A civil action wherein jurisdiction is not founded solely on diversity of citizenship may be brought only in the judicial district where all defendants reside, or in which the claim arose, except as otherwise provided by law.

CES does not argue that its cause of action arose in this district and it bases its argument in support of venue on its assertion that Dealerscope, Inc. resides in this district. 28 U.S.C. § 1391(c) provides that the residence of a corporation is "any judicial district in which it is incorporated or licensed to do business or is doing business."

[4] While I hold that there is jurisdiction over Dealerscope, Inc. and that venue is proper in this district, I note that the resolution of these issues is somewhat academic. The law is clear that I have the power to transfer this action even if there is no personal jurisdiction over Dealerscope, Inc. Schwilm v. Holbrook, 661 F.2d 12, 15 (3d Cir. 1981); United States v. Berkowitz, 328 F.2d 358, 361 (3d Cir.), cert. denied, 379 U.S. 821, 85 S. Ct. 42, 13 L. Ed. 2d 32 (1964). Similarly, the fact that venue is improper here does not preclude a transfer to a proper forum. 28 U.S.C. § 1406. Accordingly, even if Dealerscope, Inc. had persuaded me that I lacked the power to hear this action, I would still have exercised my discretion to transfer. No purpose would be served by requiring CES to start suit anew.

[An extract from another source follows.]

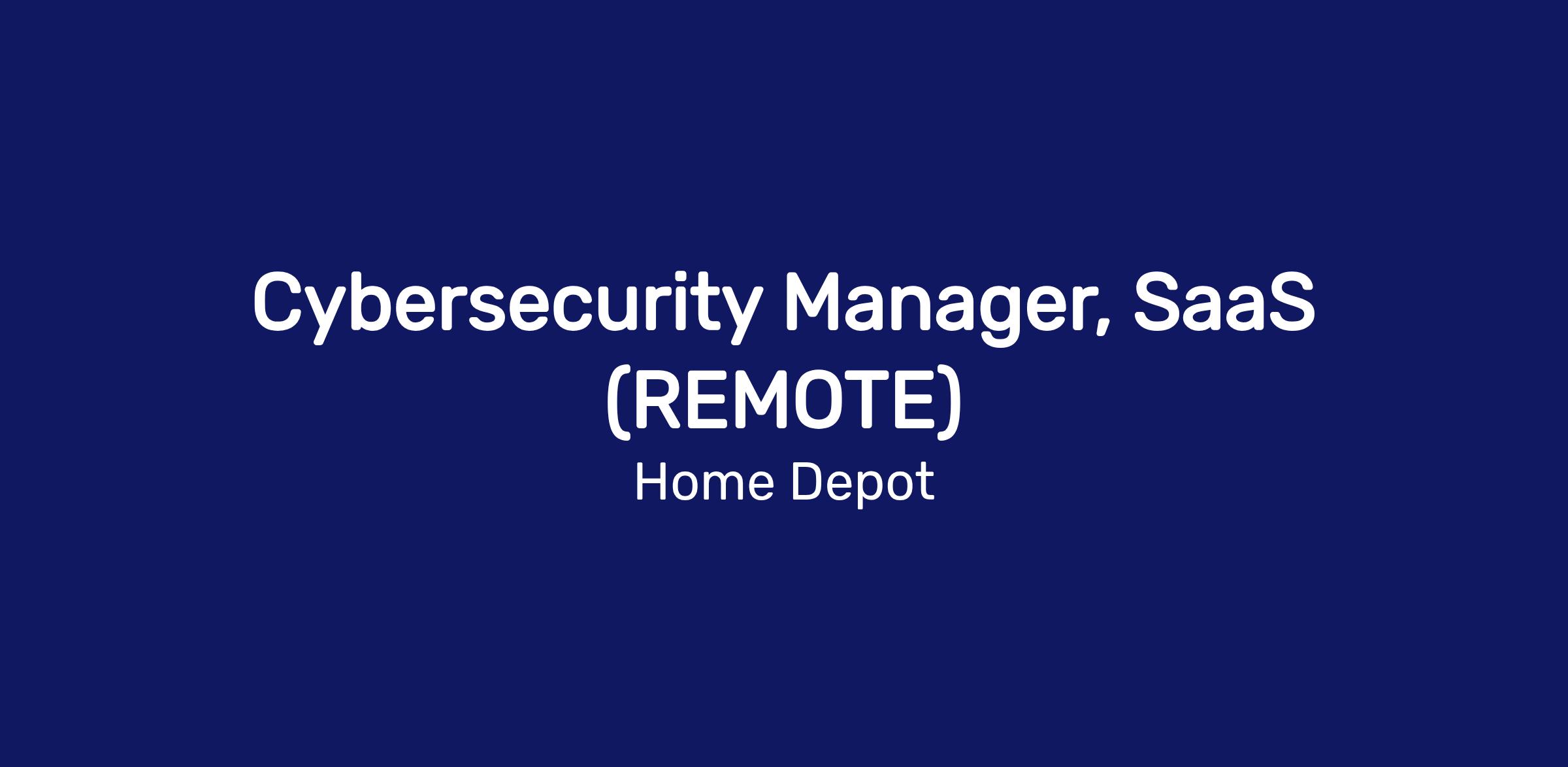 Cybersecurity Manager, SaaS (REMOTE)

[5] Since Dealerscope, Inc. has its principal place of business in Massachusetts there is no doubt that it is subject to suit in that district. In an affidavit submitted by CES, there is some suggestion that New York would be a proper forum. I have not considered New York as a forum for this action for two reasons. First, CES has not formally requested that if this case is transferred, it be transferred to New York. Second, there is nothing in this record from which it could be determined that Dealerscope, Inc. would be subject to suit in New York.